By John Sparks, Volunteer, Trailkeepers of Oregon

It’s often a challenge to find a very short but interesting destination for young children around three to seven years old.

Fortunately there are numerous mountain lakes which are a good distance from a road yet not too far for even the youngest of hikers. You can entertain your young charges along the way by telling stories, pointing out delicate plants, and identifying the sounds of the forest. Once at the lake, you can splash around in the shallows, search for lounging newts, and sit quietly until small trout glide by.

A shallow lake with conifers in the background and water lily leaves on the surface.

Secluded Anvil Lake in the Mount Hood National Forest. (Photo by John Sparks)

Black Wolf Meadows–Anvil Lake Hike

In the summer months, the boggy expanses of the Mount Hood National Forest’s Black Wolf Meadows and the shoreline of little Anvil Lake exhibit a wonderful variety of marsh wildflowers in a secluded and little-visited setting. The short trail (1.3 miles) that accesses these points has a long history: It was once part of an Indian route that connected the Cascade crest with High Rock and then traversed the ridge line, where Abbot Road now runs, before dropping down to the vicinity of the current city of Estacada. The shoreline of Anvil Lake is brushy, but the blueberries that ripen here in August are prime!


A lake reflecting leafless alder trees.

Bloom Lake in winter, with a reflection of shoreline alders. (Photo by John Sparks)

Bloom Lake Hike 

Bloom Lake nestles above the South Fork Quartz Creek in the Coast Range, a short one-and-a-half-mile hike uphill and an excellent diversion from the heavy beach traffic on Highway 26. The trail mostly follows old logging roads in the Clatsop State Forest, with a foot trail fashioning a loop around the lake itself. Where slides have obscured the original trail, recent users have created an easy-to-follow path.
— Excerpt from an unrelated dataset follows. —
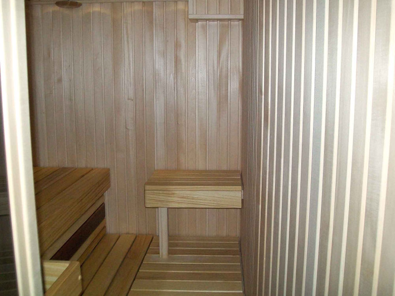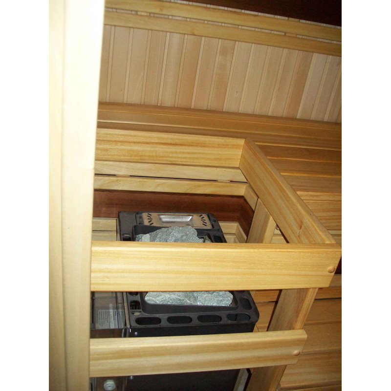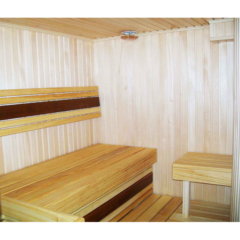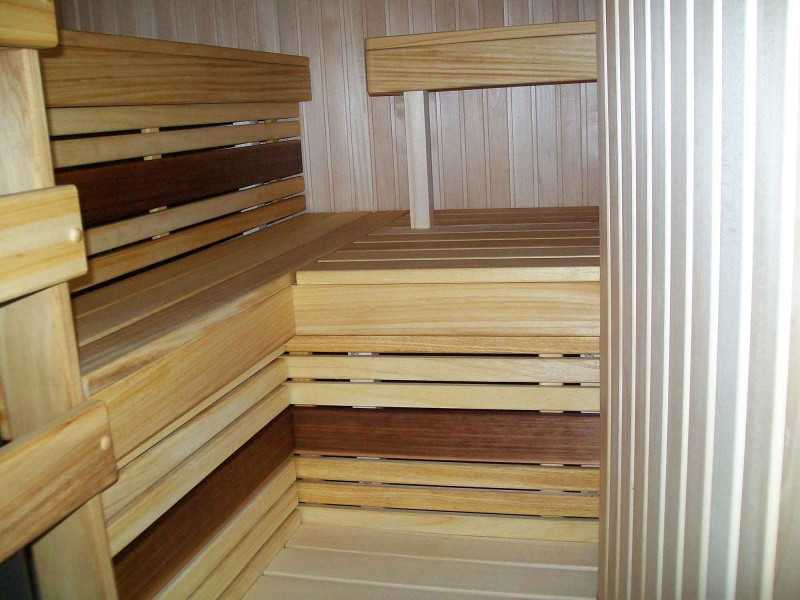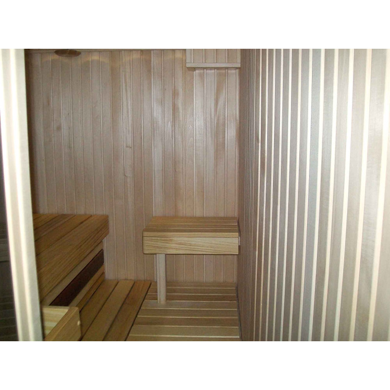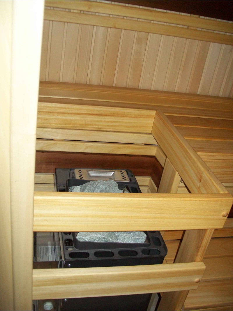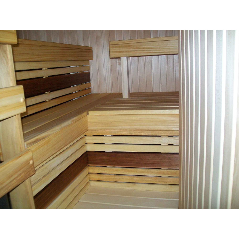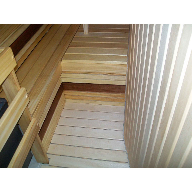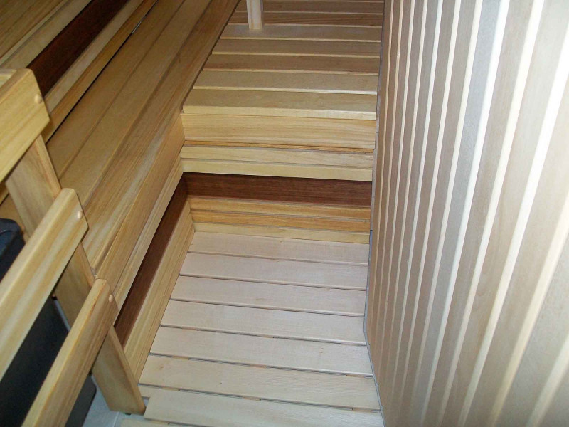 Для монтажа потолка и стен сауны используется липовый сайдинг толщиной 15 мм - стильный, легкий, источающий приятный запах дерева. Для скамей и спинок были выбраны кедр и абачи высочайшего качества. Это дерево высокого качества, не только красиво выглядит, но и наименее нагревается по сравнению с другими породами дерева, поэтому к таким скамьям приятно и безопасно прикасаться. Напольная решетка - ольха черная.

The forest here is secondary with a few old trees, both the coastal lowland species like Sitka spruce and western hemlock as well as some higher elevation conifers such as noble and silver fir. Quietly observe the lake for signs of beaver activity, and be prepared for some boggy spots!


High cliffs and scree slopes above a lake.
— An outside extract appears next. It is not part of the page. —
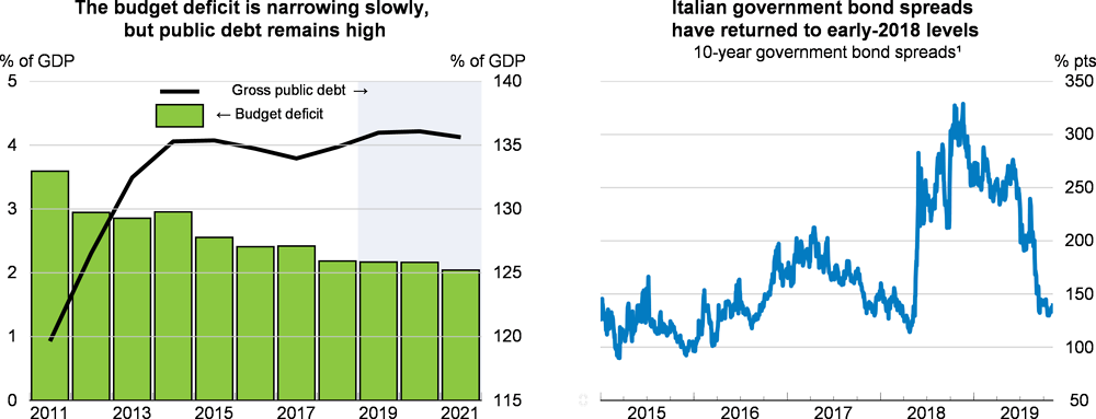 l’incidenza della spesa per interessi sul prodotto è diminuita di un punto percentuale,

The high ridge above Little Strawberry Lake. (Photo by John Sparks)

Little Strawberry Lake Hike

At 6.5 miles round-trip, this popular excursion is for your elementary-age children. The route passes Strawberry Lake, the largest lake in the Malheur National Forest’s Strawberry Mountain Wilderness. (The 1.2 miles in to Strawberry Lake would be good for younger kids.) Strawberry Lake was created only about 1,000 years ago by a landslide that dammed Strawberry Creek. Heading on to Little Strawberry Lake, you’ll first pass 50-foot Strawberry Falls. Little Strawberry Lake sparkles below high ramparts that retain large snowfields into the summer. The twin prominences of the Rabbit Ears rear above the lake, while to your right is the summit of Indian Spring Butte. You may spot mountain goats on the slopes above or a deer grazing near the lake. From the far end of the lake, you’ll be able to see 9,038-foot Strawberry Mountain. Wildflowers, including monkshood, arrowleaf groundsel, and lupine, abound during the summer.